Creates a classification model of passwords with labels "h" (human generated), "m" (machine-generated). The generated model can be used to classify passwords for human likeliness.
Additional features:
- Apple's coreml model export
- pipeline tests for different vectorizers and classifiers
CLI commands refer to macOS.
Python 3.6 CoreML dependency: Python 2.7 (NOT 3+ otherwise coremltools won't work)
Packages:
- coremltools
- argparse
- scikit-learn
- pandas
- numpy
For later iOS usage:
- XCode 9+
- iOS 11+
Create virtual environment named "ml-passwords":
$ conda create -n ml-passwords python=3.6 anaconda
If you need CoreML support use:
$ conda create -n ml-passwords python=2.7 anaconda
Activate newly created environment:
$ source activate ml-passwords
Install libraries: (coremltools is optional)
$ pip install numpy pandas argparse scikit-learn
If you need CoreML support additionally use:
$ pip install coremltools
$ source activate ml-passwords
Password files require a tab-separated file with unix line breaks. There have to be two columns: The passwords and the corresponding labels ("h": human-generated, "m": machine-generated).

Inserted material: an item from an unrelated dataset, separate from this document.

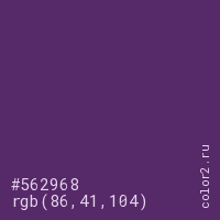 Цвет #562968 в цветовой модели RGB обозначается тремя октетами (86, 41, 104) в десятичном формате и #562968 в шестнадцатиричном (hex) формате, которые являются интенсивностью красного 86 (hex 56), интенсивность зелёного 41 (hex 29) и интенсивность синего 104 (hex 68).
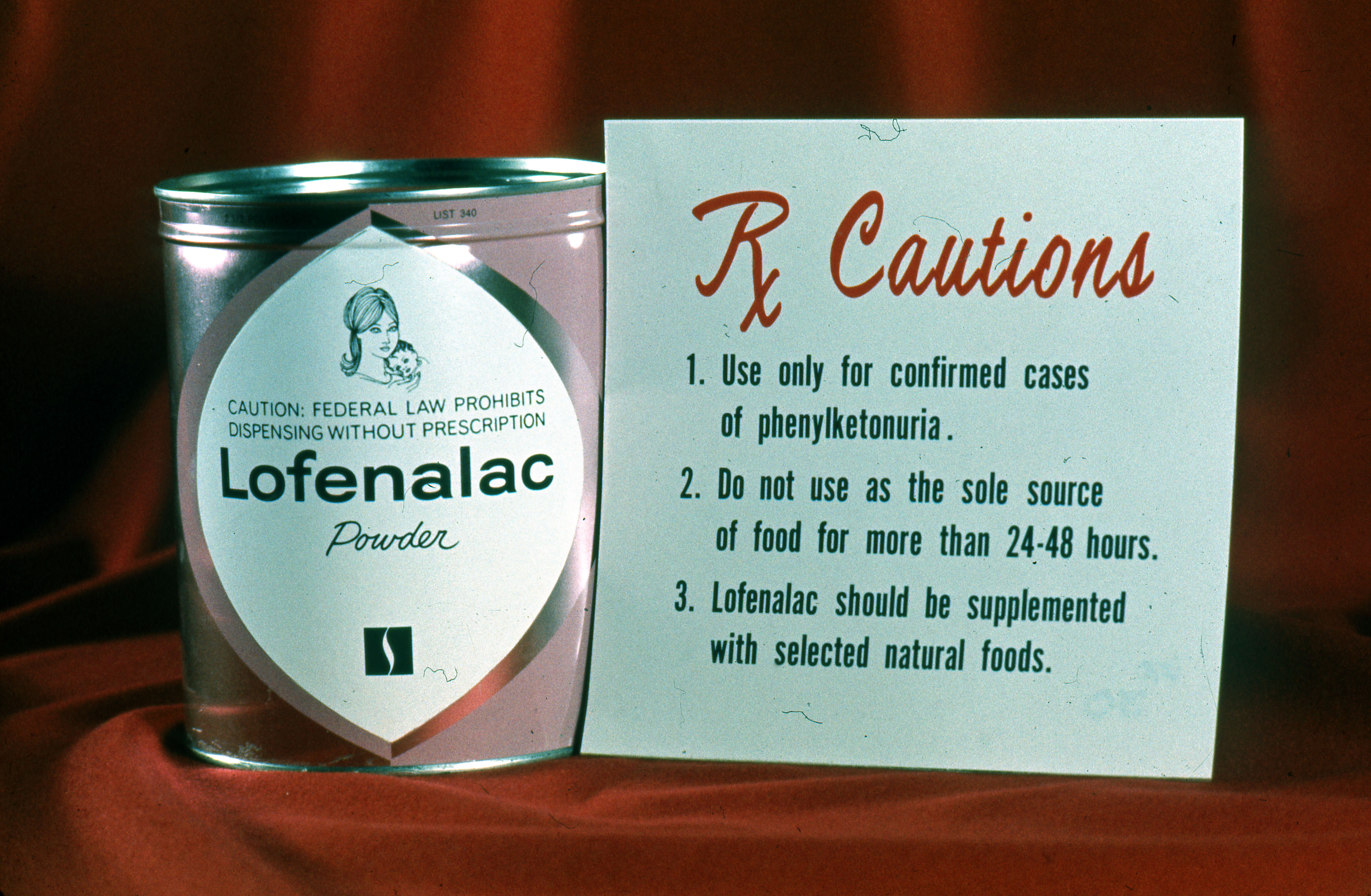 Can of Lofenalac powder, with a list of precautions for its proper usage.

Generate a labeled dataset from two password files, one containing human- and the other one containing machine-generated passwords.
$ cat datasets/human-passwords.txt | sed -e $'s/$/\th/' > datasets/passwords-labeled-h.tsv
$ cat datasets/machine-passwords.txt | sed -e $'s/$/\tm/' > datasets/passwords-labeled-m.tsv
$ cat datasets/passwords-labeled-h.tsv datasets/passwords-labeled-m.tsv | uniq -u | sort -R > datasets/passwords.tsv
See CLI help of scripts by issuing "-h" parameter.
- .pkl: model file
- CoreML: ...-coreml.mlmodel: coreml machine learning model
- CoreML: ...-features.txt: ordered feature columns for vectorizer
Shows training stats and optionally saves model file for later classification.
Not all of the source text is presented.